(Collected data entries)
────

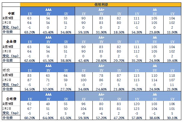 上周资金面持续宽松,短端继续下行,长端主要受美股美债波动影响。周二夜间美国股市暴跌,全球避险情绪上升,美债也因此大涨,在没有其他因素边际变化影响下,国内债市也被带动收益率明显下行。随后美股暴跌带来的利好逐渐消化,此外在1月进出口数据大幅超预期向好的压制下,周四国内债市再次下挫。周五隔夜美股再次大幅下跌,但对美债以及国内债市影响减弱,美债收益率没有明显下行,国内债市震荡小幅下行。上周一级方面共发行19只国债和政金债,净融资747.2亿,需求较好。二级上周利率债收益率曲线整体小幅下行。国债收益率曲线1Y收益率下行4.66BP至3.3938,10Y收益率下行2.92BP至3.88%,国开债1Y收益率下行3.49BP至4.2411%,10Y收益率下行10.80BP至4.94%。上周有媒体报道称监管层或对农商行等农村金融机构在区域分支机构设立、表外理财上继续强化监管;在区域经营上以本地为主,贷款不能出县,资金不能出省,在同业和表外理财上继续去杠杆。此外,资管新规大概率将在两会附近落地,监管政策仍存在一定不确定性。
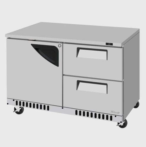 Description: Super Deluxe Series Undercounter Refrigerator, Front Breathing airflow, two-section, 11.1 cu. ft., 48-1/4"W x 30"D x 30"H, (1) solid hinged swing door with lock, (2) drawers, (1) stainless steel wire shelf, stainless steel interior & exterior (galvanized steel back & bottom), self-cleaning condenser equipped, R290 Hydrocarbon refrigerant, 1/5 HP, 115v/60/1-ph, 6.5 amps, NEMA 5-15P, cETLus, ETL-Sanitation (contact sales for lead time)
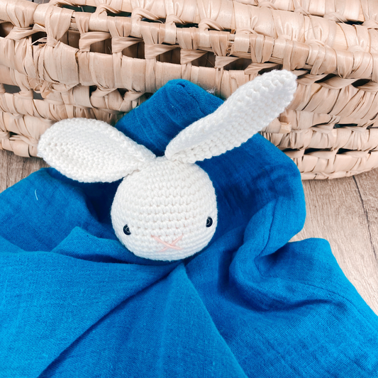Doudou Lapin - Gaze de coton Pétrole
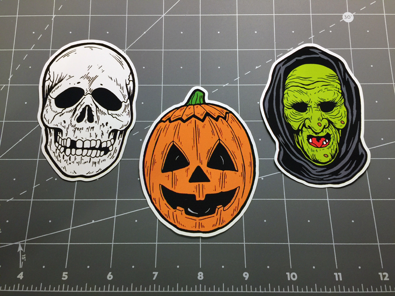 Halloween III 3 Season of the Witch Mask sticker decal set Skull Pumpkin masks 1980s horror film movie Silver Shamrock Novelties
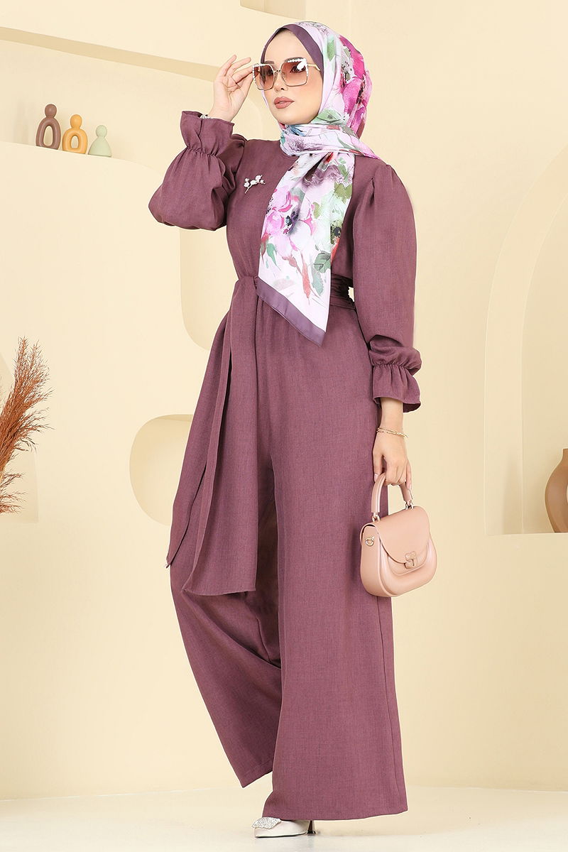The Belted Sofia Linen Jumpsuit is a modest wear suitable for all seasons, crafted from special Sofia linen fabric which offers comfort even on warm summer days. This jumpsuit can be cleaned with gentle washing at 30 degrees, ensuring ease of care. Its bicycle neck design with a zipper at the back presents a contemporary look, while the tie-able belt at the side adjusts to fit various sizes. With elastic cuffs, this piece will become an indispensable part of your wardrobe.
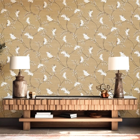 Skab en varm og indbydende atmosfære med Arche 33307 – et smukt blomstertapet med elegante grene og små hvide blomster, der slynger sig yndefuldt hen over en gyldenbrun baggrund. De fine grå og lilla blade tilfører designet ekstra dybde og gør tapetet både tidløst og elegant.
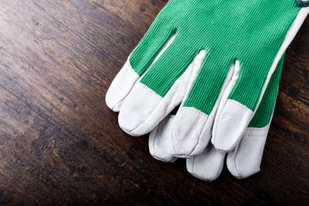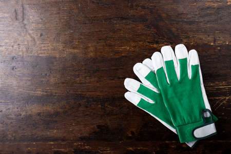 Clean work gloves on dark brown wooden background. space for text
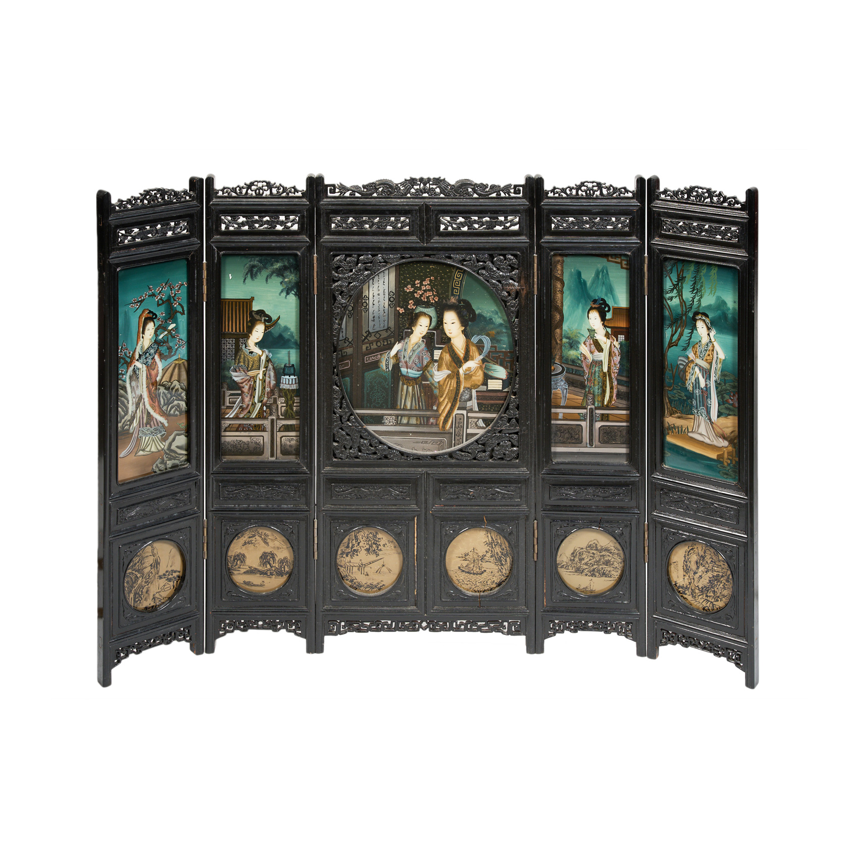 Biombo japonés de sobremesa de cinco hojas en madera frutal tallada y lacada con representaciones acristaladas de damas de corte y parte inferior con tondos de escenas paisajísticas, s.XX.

────

◆ EXERCISE: Return all of the records above exactly as written. Omit each picture.

◆ RESPONSE BELOW:
 上周资金面持续宽松,短端继续下行,长端主要受美股美债波动影响。周二夜间美国股市暴跌,全球避险情绪上升,美债也因此大涨,在没有其他因素边际变化影响下,国内债市也被带动收益率明显下行。随后美股暴跌带来的利好逐渐消化,此外在1月进出口数据大幅超预期向好的压制下,周四国内债市再次下挫。周五隔夜美股再次大幅下跌,但对美债以及国内债市影响减弱,美债收益率没有明显下行,国内债市震荡小幅下行。上周一级方面共发行19只国债和政金债,净融资747.2亿,需求较好。二级上周利率债收益率曲线整体小幅下行。国债收益率曲线1Y收益率下行4.66BP至3.3938,10Y收益率下行2.92BP至3.88%,国开债1Y收益率下行3.49BP至4.2411%,10Y收益率下行10.80BP至4.94%。上周有媒体报道称监管层或对农商行等农村金融机构在区域分支机构设立、表外理财上继续强化监管;在区域经营上以本地为主,贷款不能出县,资金不能出省,在同业和表外理财上继续去杠杆。此外,资管新规大概率将在两会附近落地,监管政策仍存在一定不确定性。
 Description: Super Deluxe Series Undercounter Refrigerator, Front Breathing airflow, two-section, 11.1 cu. ft., 48-1/4"W x 30"D x 30"H, (1) solid hinged swing door with lock, (2) drawers, (1) stainless steel wire shelf, stainless steel interior & exterior (galvanized steel back & bottom), self-cleaning condenser equipped, R290 Hydrocarbon refrigerant, 1/5 HP, 115v/60/1-ph, 6.5 amps, NEMA 5-15P, cETLus, ETL-Sanitation (contact sales for lead time)
Doudou Lapin - Gaze de coton Pétrole
 Halloween III 3 Season of the Witch Mask sticker decal set Skull Pumpkin masks 1980s horror film movie Silver Shamrock Novelties
The Belted Sofia Linen Jumpsuit is a modest wear suitable for all seasons, crafted from special Sofia linen fabric which offers comfort even on warm summer days. This jumpsuit can be cleaned with gentle washing at 30 degrees, ensuring ease of care. Its bicycle neck design with a zipper at the back presents a contemporary look, while the tie-able belt at the side adjusts to fit various sizes. With elastic cuffs, this piece will become an indispensable part of your wardrobe.
 Skab en varm og indbydende atmosfære med Arche 33307 – et smukt blomstertapet med elegante grene og små hvide blomster, der slynger sig yndefuldt hen over en gyldenbrun baggrund. De fine grå og lilla blade tilfører designet ekstra dybde og gør tapetet både tidløst og elegant.
 Clean work gloves on dark brown wooden background. space for text
 Biombo japonés de sobremesa de cinco hojas en madera frutal tallada y lacada con representaciones acristaladas de damas de corte y parte inferior con tondos de escenas paisajísticas, s.XX.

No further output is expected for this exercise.